Transcribe the stretch of entries below from the line with "Realizată cu o" through the line with "07:30 あけのひまわりフ", exactly and with both ends included; leave out all other lines.

Segment Start: Data

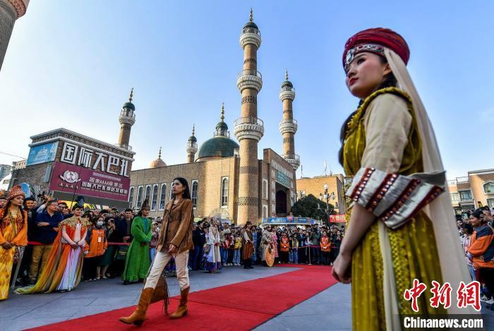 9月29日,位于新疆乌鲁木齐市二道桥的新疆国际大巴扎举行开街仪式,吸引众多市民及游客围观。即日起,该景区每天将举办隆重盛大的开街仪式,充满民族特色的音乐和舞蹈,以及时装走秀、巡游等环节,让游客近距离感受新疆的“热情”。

Segment End: Data
Segment Start: Data

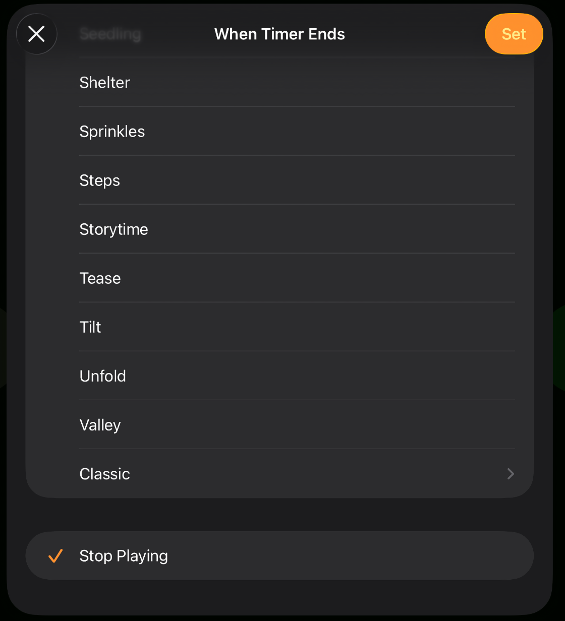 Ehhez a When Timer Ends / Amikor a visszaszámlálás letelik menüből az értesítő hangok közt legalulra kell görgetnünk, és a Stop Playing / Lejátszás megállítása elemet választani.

Segment End: Data
Segment Start: Data

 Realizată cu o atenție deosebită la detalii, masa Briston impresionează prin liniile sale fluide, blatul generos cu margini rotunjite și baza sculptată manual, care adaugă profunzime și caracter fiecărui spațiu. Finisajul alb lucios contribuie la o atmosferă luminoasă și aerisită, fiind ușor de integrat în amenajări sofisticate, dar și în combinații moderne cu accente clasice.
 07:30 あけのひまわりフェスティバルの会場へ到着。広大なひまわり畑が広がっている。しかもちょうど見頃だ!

Segment End: Data

# [Answer section]
 Realizată cu o atenție deosebită la detalii, masa Briston impresionează prin liniile sale fluide, blatul generos cu margini rotunjite și baza sculptată manual, care adaugă profunzime și caracter fiecărui spațiu. Finisajul alb lucios contribuie la o atmosferă luminoasă și aerisită, fiind ușor de integrat în amenajări sofisticate, dar și în combinații moderne cu accente clasice.
 07:30 あけのひまわりフェスティバルの会場へ到着。広大なひまわり畑が広がっている。しかもちょうど見頃だ!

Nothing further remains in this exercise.